Марфа отложила в сторону свиток и строго посмотрела на Михаила.
– Эй-эй, государь мой, ты чего развоевался? Кому – нам?
Царь возмущенно глотнул воздух.
– Зачем ты поставила караул у покоев моей невесты? Почему не сказала мне? Что это значит?
Марфа недовольно поморщилась и надменно повела квадратным подбородком.
– Все, что я сделала, касается только царицыной половины дворца. Хочу напомнить, что пока ты не женат, я отвечаю за порядок!
– Но Маша…
– Не перебивай мать! Седьмицы не прошло, как на мою жизнь злоумышляли.
– Все же кончилось!
Марфа резко хлопнула ладонью по краю стола.

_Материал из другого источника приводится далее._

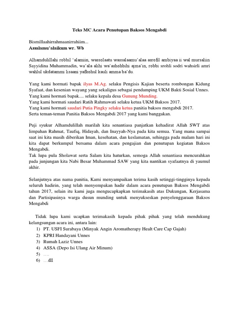 Teks Mc Penutupan Baksos Mengabdi
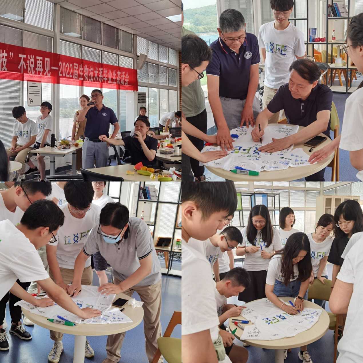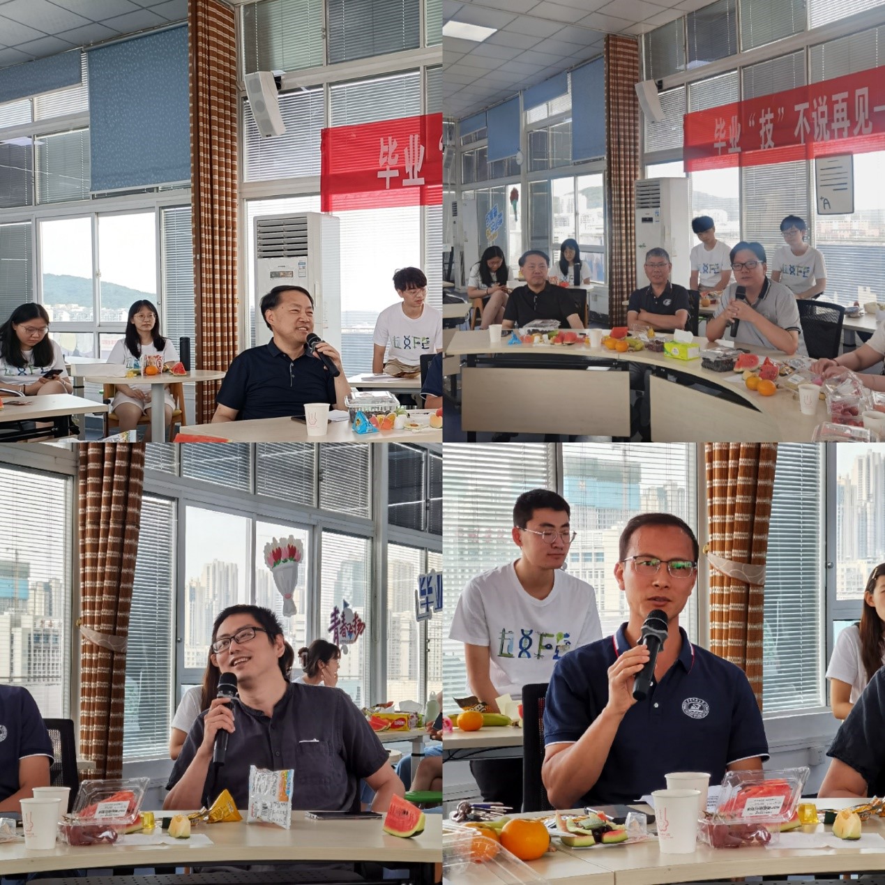 6月11日上午,“毕业‘技’不说再见”2022届生物技术系毕业生茶话会在东十一楼阳光房顺利举办。永利官网研究生院副经理余龙江,yl7703永利副经理闫云君,生物技术系主任栗茂腾、副系主任付春华,毕业班教师班主任金文闻、余洪波,德育导师杨敏,18级本科生辅导员周钰,研究生辅导员李若楠等教师代表参加了活动。2022届生技系毕业生积极参与,师生共话成长发展,畅谈未来。
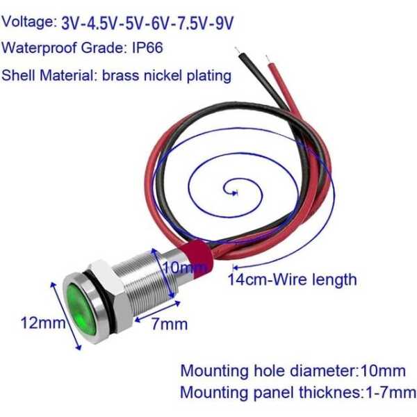Kırmızı 3-9V 10mm LED Metal Gösterge Işığı, 15cm Kablolu Teknik Özellikler

– Ничего не кончилось! Двух баб на костер – мало! Надо под корень рубить, чтобы всю крамолу разом извести!
– Маша тут при чем? – едва не кричал на мать озадаченный Михаил.
– А вот погоди! Не спеши. Глянь, кого я тебе покажу.
Марфа позвонила в бронзовый колокольчик на резной деревянной ручке.
– Эй, кто там за дверью? Ведите ее!
В тот же миг боковая дверь отворилась, и две молчаливые инокини, жестко поддерживая под руки, почти заволокли в комнату старую бабку, лохматую и неопрятную, как облезлая дворняга. Старуха, беспрестанно улыбаясь, обнажала жутковатую черную воронку беззубого рта и с любопытством разглядывала царя и его мать глазами наивного ребенка. Очевидно, бабушка была не в себе и совершенно не понимала, где и с кем находилась.
– Это кто еще такая? – изумился Михаил, глядя на нелепую старуху.